● **WORK TO COMPLETE**:
Pictures aside, write out the data exactly as it reads.

Segment Start: COLLECTED DATA

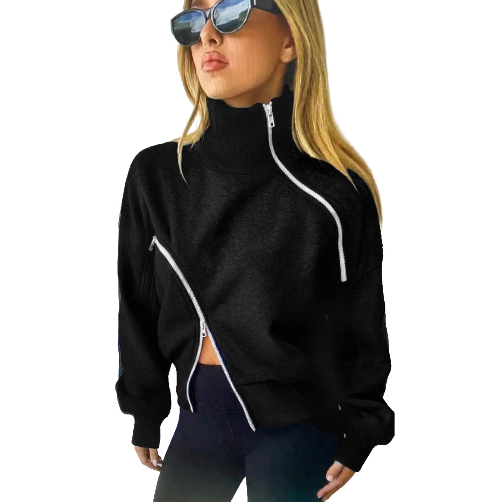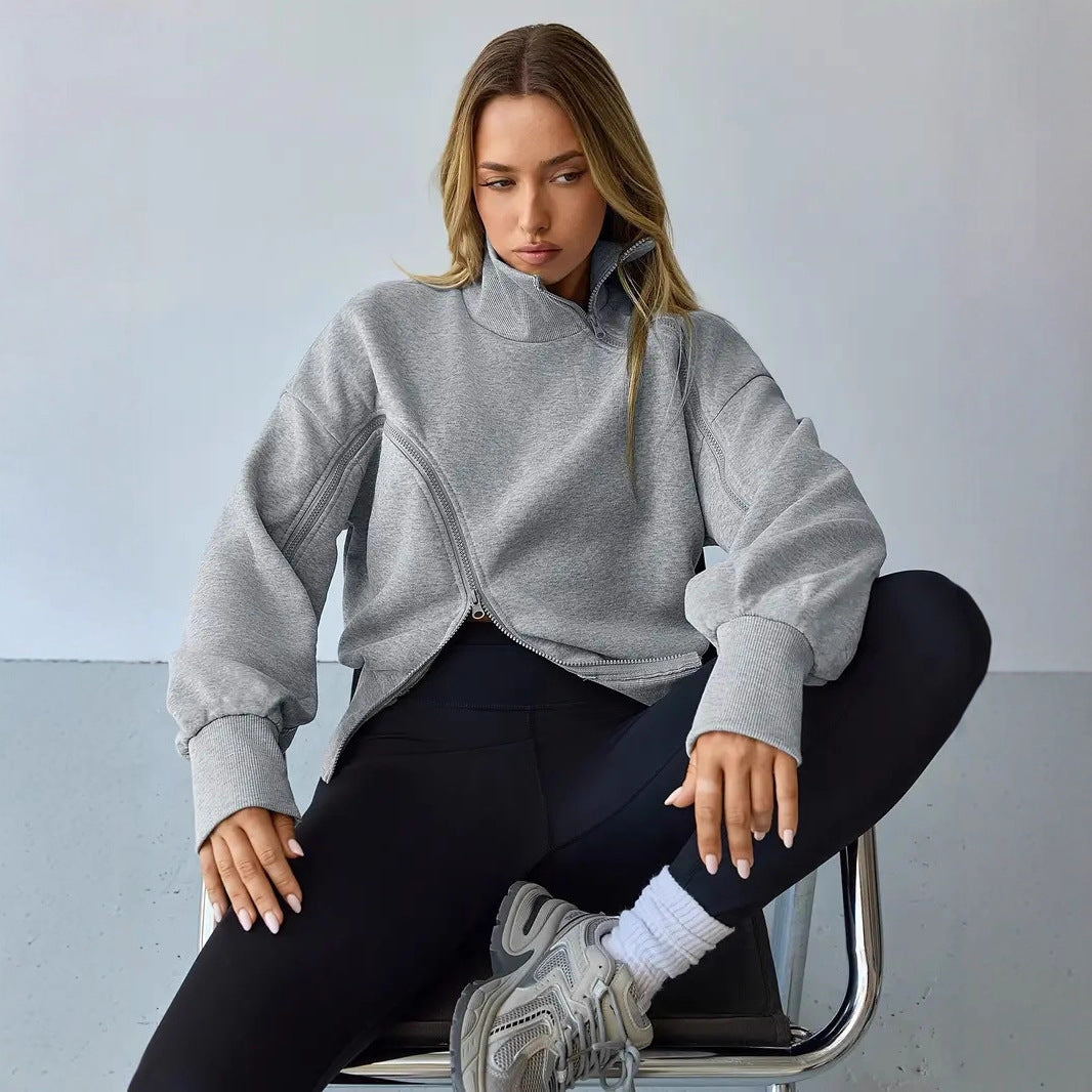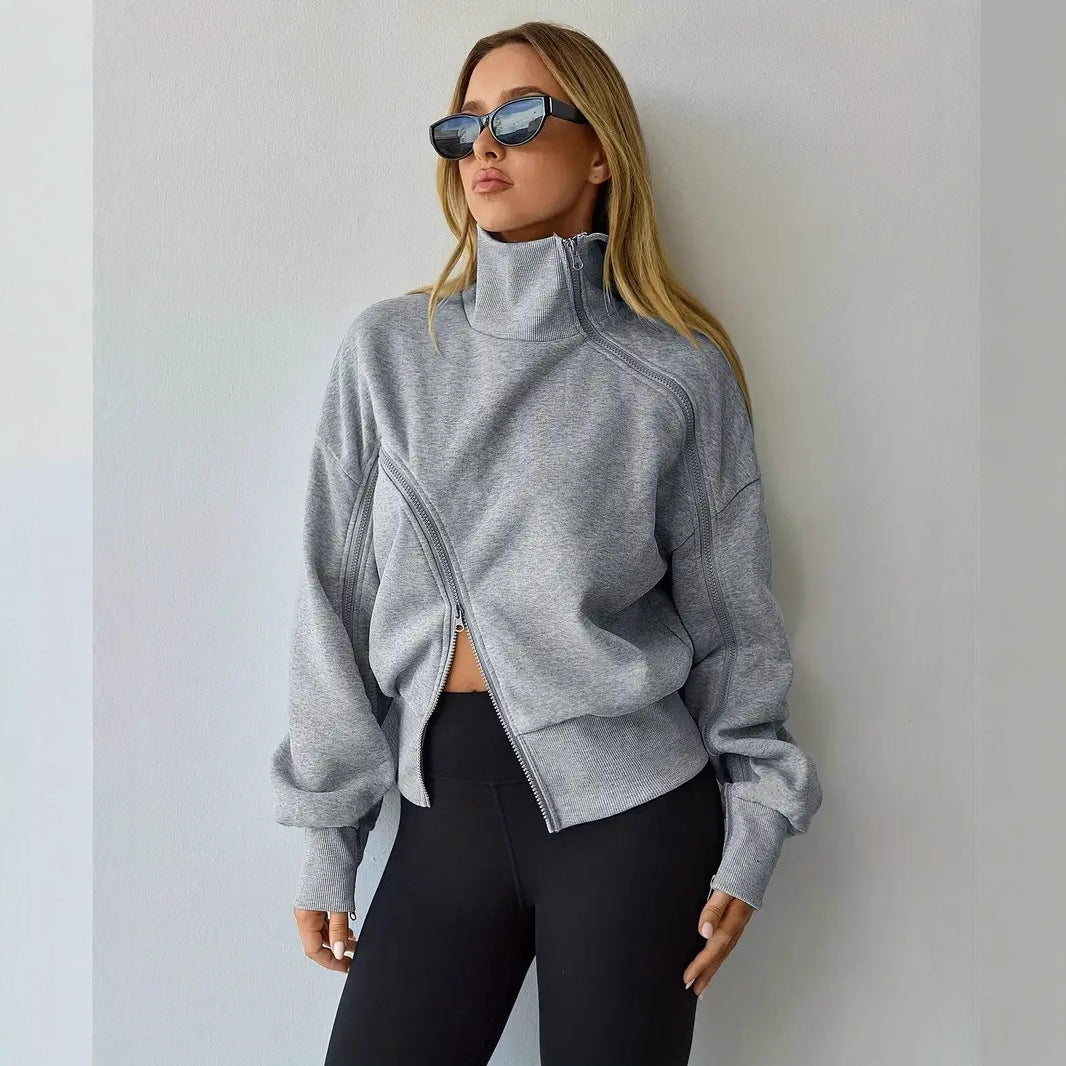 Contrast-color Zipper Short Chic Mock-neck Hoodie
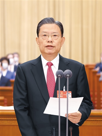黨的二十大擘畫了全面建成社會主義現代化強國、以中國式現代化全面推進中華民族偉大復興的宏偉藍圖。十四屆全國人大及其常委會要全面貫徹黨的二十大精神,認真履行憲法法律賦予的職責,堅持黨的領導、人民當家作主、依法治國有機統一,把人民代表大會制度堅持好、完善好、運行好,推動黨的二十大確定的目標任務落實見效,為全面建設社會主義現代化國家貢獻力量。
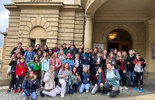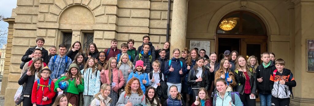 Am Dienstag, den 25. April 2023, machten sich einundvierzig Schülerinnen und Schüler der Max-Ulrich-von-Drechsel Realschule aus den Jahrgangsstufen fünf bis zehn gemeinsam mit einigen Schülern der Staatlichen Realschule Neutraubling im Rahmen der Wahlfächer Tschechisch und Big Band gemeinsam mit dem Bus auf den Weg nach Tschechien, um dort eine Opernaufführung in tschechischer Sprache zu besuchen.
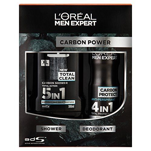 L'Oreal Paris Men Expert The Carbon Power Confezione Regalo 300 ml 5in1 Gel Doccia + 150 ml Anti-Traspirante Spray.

Segment End: COLLECTED DATA

● **EXERCISE ANSWER**:
 Contrast-color Zipper Short Chic Mock-neck Hoodie
黨的二十大擘畫了全面建成社會主義現代化強國、以中國式現代化全面推進中華民族偉大復興的宏偉藍圖。十四屆全國人大及其常委會要全面貫徹黨的二十大精神,認真履行憲法法律賦予的職責,堅持黨的領導、人民當家作主、依法治國有機統一,把人民代表大會制度堅持好、完善好、運行好,推動黨的二十大確定的目標任務落實見效,為全面建設社會主義現代化國家貢獻力量。
 Am Dienstag, den 25. April 2023, machten sich einundvierzig Schülerinnen und Schüler der Max-Ulrich-von-Drechsel Realschule aus den Jahrgangsstufen fünf bis zehn gemeinsam mit einigen Schülern der Staatlichen Realschule Neutraubling im Rahmen der Wahlfächer Tschechisch und Big Band gemeinsam mit dem Bus auf den Weg nach Tschechien, um dort eine Opernaufführung in tschechischer Sprache zu besuchen.
 L'Oreal Paris Men Expert The Carbon Power Confezione Regalo 300 ml 5in1 Gel Doccia + 150 ml Anti-Traspirante Spray.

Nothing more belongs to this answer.